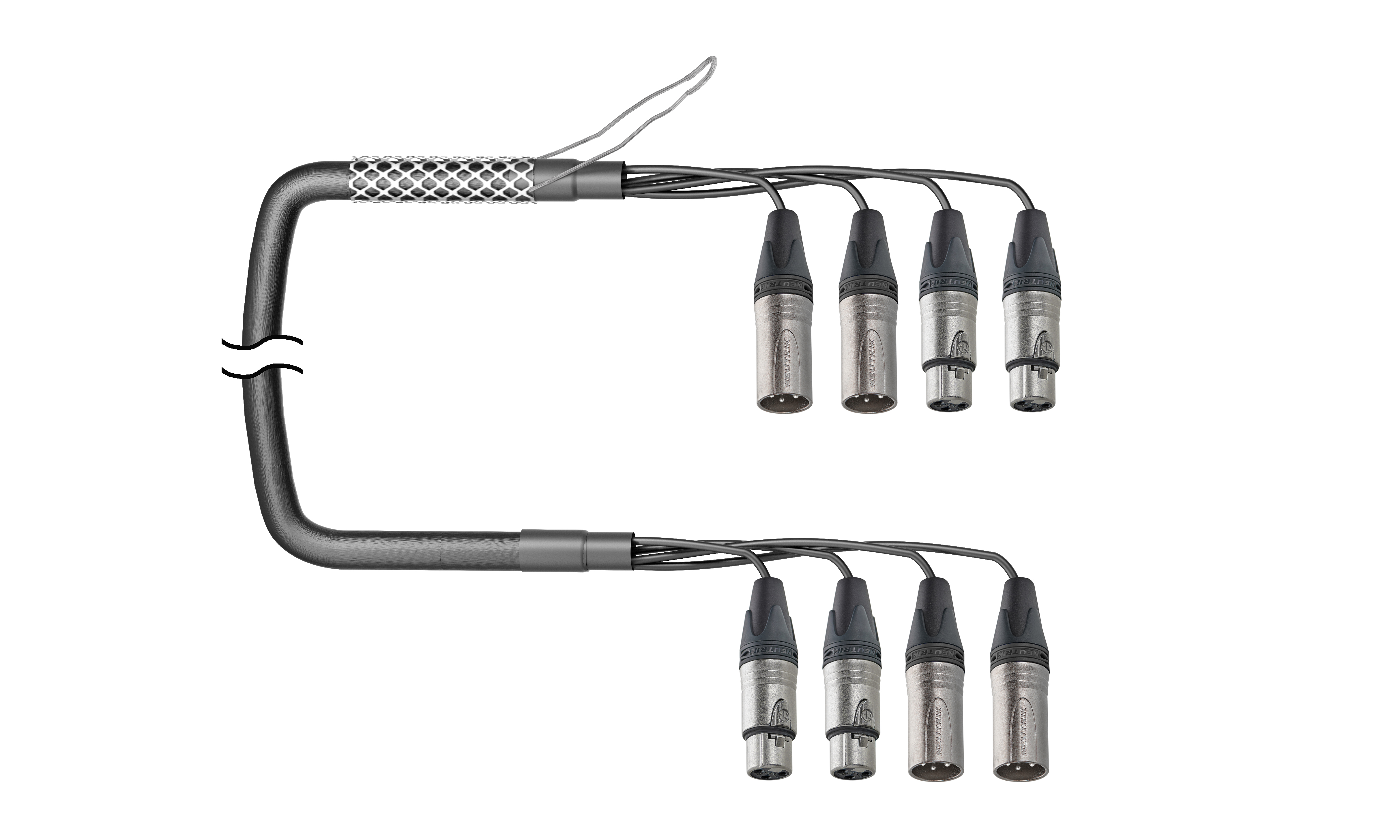 4-кан. (2-IN/2-OUT) аудиомультикорный кабель, Standart, коса (2х XLR3 штекер/2х XLR3 гнедо), защитная корзина > коса (2х XLR3 гнездо/2х XLR3 штекер). Комплектующие: разъемы Neutrik NC3MXX; NC3FXX; Мультикор аналоговый Canare MR202-4AT; цвет: черный.
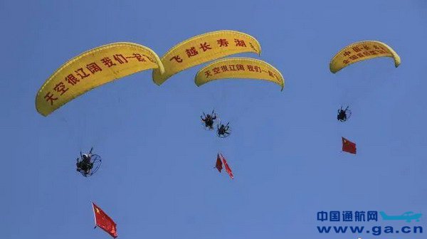 ![]() 动力伞空中编队“炫技”。 蒋继航 摄
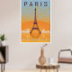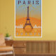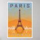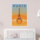 Paris vintage poster in orange and blue textured background with skyiline in white
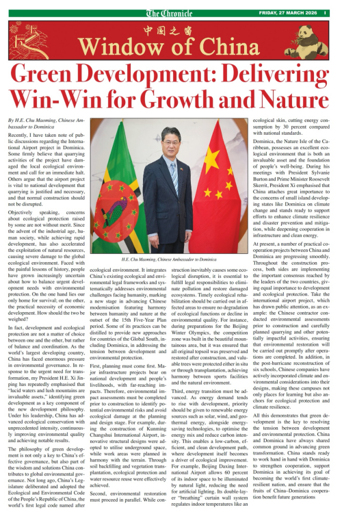 2026年3月27日,驻多米尼克大使储茂明在多主流媒体《纪事报》发表署名文章《用绿色实现发展与生态共赢》,以绿色发展理念剖析中国之治,为中多务实合作增信释疑、注入信心。全文译文如下:
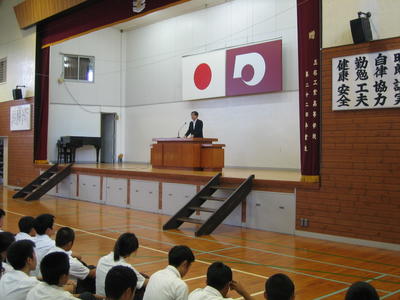終業式では校長先生より「玉工生としての自覚を持ち、玉工ブランドを高めるとともに目標を持って行動し、命を大切に過ごすように」講話をいただきました。
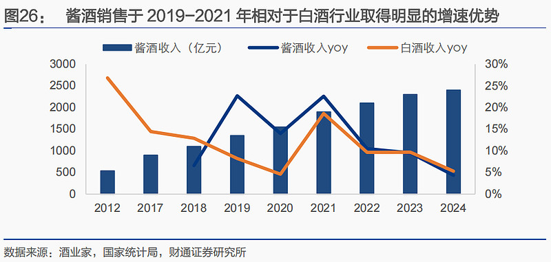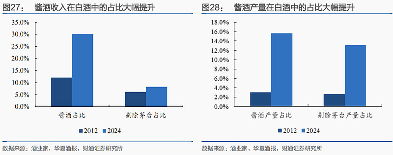 从酱酒的占比来看,2012-2024年酱酒收入占比从12.1%增长至30.1%;酱酒产量从40万吨提升至65万吨,产量占比从3.5%提升至15.7%。剔除贵州茅台看,酱酒收入占比从6.2%提升至8.3%,而酱酒产量占比从3.1%提升至13.2%。由于酱酒的生产工艺需要5年周期,故非贵州茅台类酱酒仍有巨大的产量潜力有待释放,这也将成为未来明确的酒企机遇。
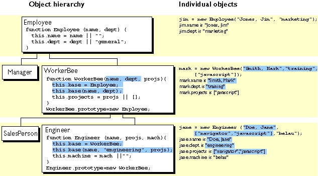 Engineer and SalesPerson definitions create objects that descend from WorkerBee and hence from Employee. An object of these types has properties of all the objects above it in the chain. In addition, these definitions override the inherited value of the dept property with new values specific to these objects.

| ACTIVITY |
Your copy should hold exactly the lines from the line containing "終業式では校長先生より「玉工" through the last line of the listing above, both included, and no pictures.

| TASK RESULT |
終業式では校長先生より「玉工生としての自覚を持ち、玉工ブランドを高めるとともに目標を持って行動し、命を大切に過ごすように」講話をいただきました。
 从酱酒的占比来看,2012-2024年酱酒收入占比从12.1%增长至30.1%;酱酒产量从40万吨提升至65万吨,产量占比从3.5%提升至15.7%。剔除贵州茅台看,酱酒收入占比从6.2%提升至8.3%,而酱酒产量占比从3.1%提升至13.2%。由于酱酒的生产工艺需要5年周期,故非贵州茅台类酱酒仍有巨大的产量潜力有待释放,这也将成为未来明确的酒企机遇。
 Engineer and SalesPerson definitions create objects that descend from WorkerBee and hence from Employee. An object of these types has properties of all the objects above it in the chain. In addition, these definitions override the inherited value of the dept property with new values specific to these objects.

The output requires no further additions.